For a number of years, I have been researching Theodore Roosevelt's early political career in New York, attempting to poke holes in the western cowboy icon he has become. After all, here is a man born and raised in Manhattan, who had his early political career in New York. This includes his time as Police Commissioner from 1895-97. A few years ago I came across a letter he wrote to his sister Anna just after the heat wave ended. Roosevelt wrote his sister about the past week's "two excitements" in New York: the "heated term" and the Madison Square Garden speech of Democratic presidential candidate William Jennings Bryan. At first I thought that this was simply a wonderful convergence of events. Here was a key moment in American political history, being observed by Roosevelt only five years away from the White House, with a heat wave as a dramatic backdrop. But as I looked into the heat wave I realized that this was a horrific catastrophe, and one that has been completely forgotten.

The main archival source for Hot Time in the Old Town are thousands of death certificates filed in Manhattan and Brooklyn that tragic August. They paint a vivid picture of life and death among New York's poorest and vulnerable citizens. Perhaps the most heartbreaking are the records for the very youngest of the heat wave's victims. The first victim of the heat wave may have been fifteen-month old Hyman Goldman who had arrived with his parents from Russia nine months before. Having made it to New York the family moved into a decrepit tenement on Broome Street. Hyamn died from "exhaustion" on the heat wave's first day. Annie Botchkiss was born to Russian immigrants on August 6 in a rear tenement, and died after only five days, on August 11 at the height of the heat wave. A doctor was called when seven-month old Fannie Hertzberg fell ill on August 13, the last day of the heat wave.
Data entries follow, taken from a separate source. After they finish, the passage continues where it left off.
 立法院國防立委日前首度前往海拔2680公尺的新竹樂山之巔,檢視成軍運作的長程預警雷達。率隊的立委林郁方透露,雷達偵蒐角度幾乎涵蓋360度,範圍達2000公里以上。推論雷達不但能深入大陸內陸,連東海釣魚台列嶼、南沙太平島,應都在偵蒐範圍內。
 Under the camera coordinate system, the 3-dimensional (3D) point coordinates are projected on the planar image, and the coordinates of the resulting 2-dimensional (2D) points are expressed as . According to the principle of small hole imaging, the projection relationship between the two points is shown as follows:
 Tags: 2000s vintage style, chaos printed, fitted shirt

She held on for the next eight days and finally succumbed on August 21, on a day when the thermometer topped at a pleasant 71 degrees. Under the "Occupation" section of the death certificate, the doctor wrote "Infant."

I first sat down in the New York Municipal Archives to look at the death certificates in the summer of 2007, a year after my own daughter Alara was born. I remember coming across the batch of certificates filed by the doctor for the New York Foundling Hospital for abandoned babies. Page after page the microform reader revealed the deaths of achingly young infants: Sara, age one month, eight days; Janet, age one month; Francis, age one month, 22 days; and tiny baby Edward, age only 22 days. So far away from my own little baby, I almost cried.
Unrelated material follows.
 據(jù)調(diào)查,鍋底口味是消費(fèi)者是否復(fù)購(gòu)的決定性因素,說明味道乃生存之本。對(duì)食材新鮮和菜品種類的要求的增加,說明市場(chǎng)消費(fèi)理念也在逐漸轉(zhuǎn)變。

The 1896 heat wave has been almost completely forgotten because we do not take heat waves very seriously. President Obama referred to the February 2010 snowstorm as "Snowmageddon," although only two people died. Pictures from the recent heat waves show children eating ice cream and frolicking in fountains. Yet heat is this country's number one disaster killer, on average killing more Americans than floods, tornadoes, and hurricanes combined. With the summers only becoming hotter in the future, media, the government, and average citizens must work together to avoid another disaster on the scale of 1896 when the smallest and most helpless died.